We all know what happened to desktop publishing. It became the killer app
of the day. I thought I was just getting away with murder, to be paid to do
computer work, paid to do your hobby.
As I evolved, and became a teacher and a writer. I relied on my early
roots. People kept coming back to me, asking me to speak at conferences, and write articles. I was in the right place at the right time.
By 1995, I had just had my daughter and I had gotten my book written. The
book went on to become a best seller, but the publisher didn’t have a site, so I used Lynda.com as the address.
The book took off and catapulted me from
being known in the industry to being recognized worldwide. I never intended it
to be a business. It just kind of evolved.

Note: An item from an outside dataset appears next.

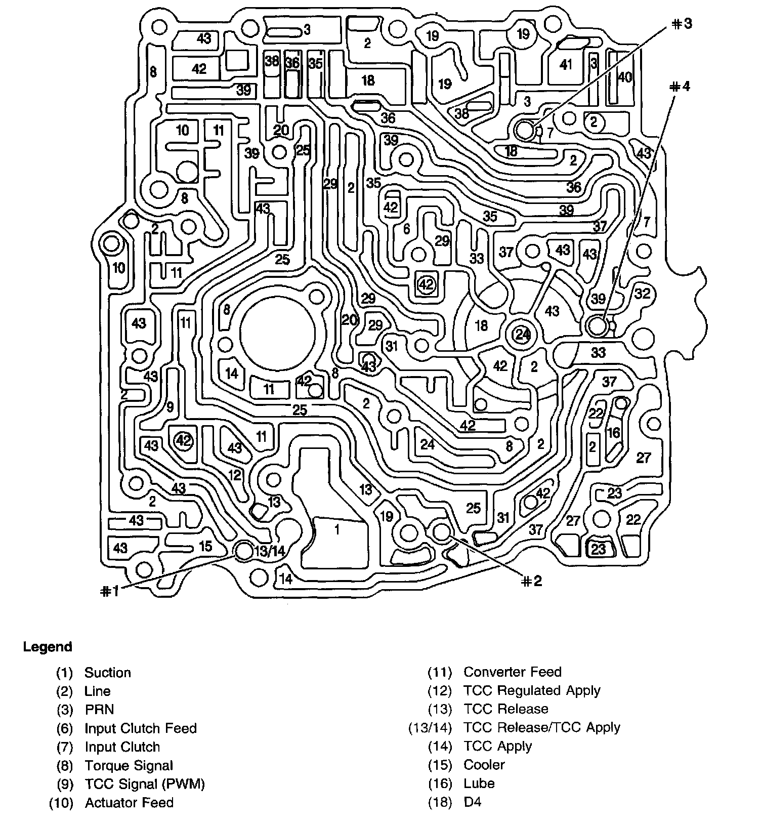 Case Cover Fluid Passages (Control Valve Body Side)

Q: So people started coming to Lynda.com. Can you share some
perspective on what you knew then, compared to how the Web has evolved?

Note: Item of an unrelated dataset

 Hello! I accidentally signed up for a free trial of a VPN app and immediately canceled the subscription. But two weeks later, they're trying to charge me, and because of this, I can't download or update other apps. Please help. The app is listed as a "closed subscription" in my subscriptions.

I had always embraced the idea of a collective intelligence, of a
world bigger than my own. When things become popular, that choice is
I’m just happy to see [the Web] widely adopted. It confirmed my
instincts that this is life-changing. It just grew a lot faster than I
expected it to.
Q: What’s the hot-seller for tutorials these days?
From a product perspective, it’s still Flash, Dreamweaver, and Flex
[Adobe’s products it bought from Macromedia]. We do a lot of Photoshop
training, and in After Effects and Final Cut [for video]. Also, CSS
The interest changes all the time, and it’s interesting to watch. But
typically, those are always our best sellers.

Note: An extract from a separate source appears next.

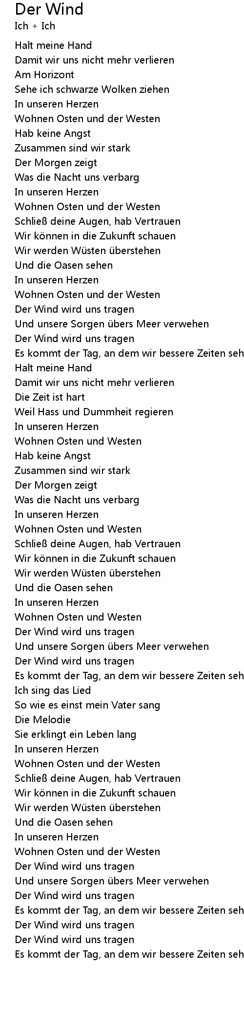 | Der Wind wird uns tragen | |

Q: As someone who was “there” when the Web first came about, how do
you explain the term Web 2.0? What does it mean to you? Or is it silly
I don’t think Web 2.0 is a silly term, but it’s definitely a nebulous
one. To me, it’s Web sites that leverage their users, leverage data, and
leverage a high degree of interaction.
In the early days before Web sites
were data driven, and things like social networking hadn’t yet caught on,
the Web was a lot like print — you made the page once, it rarely changed,
and you couldn’t really interact with others — only with the information.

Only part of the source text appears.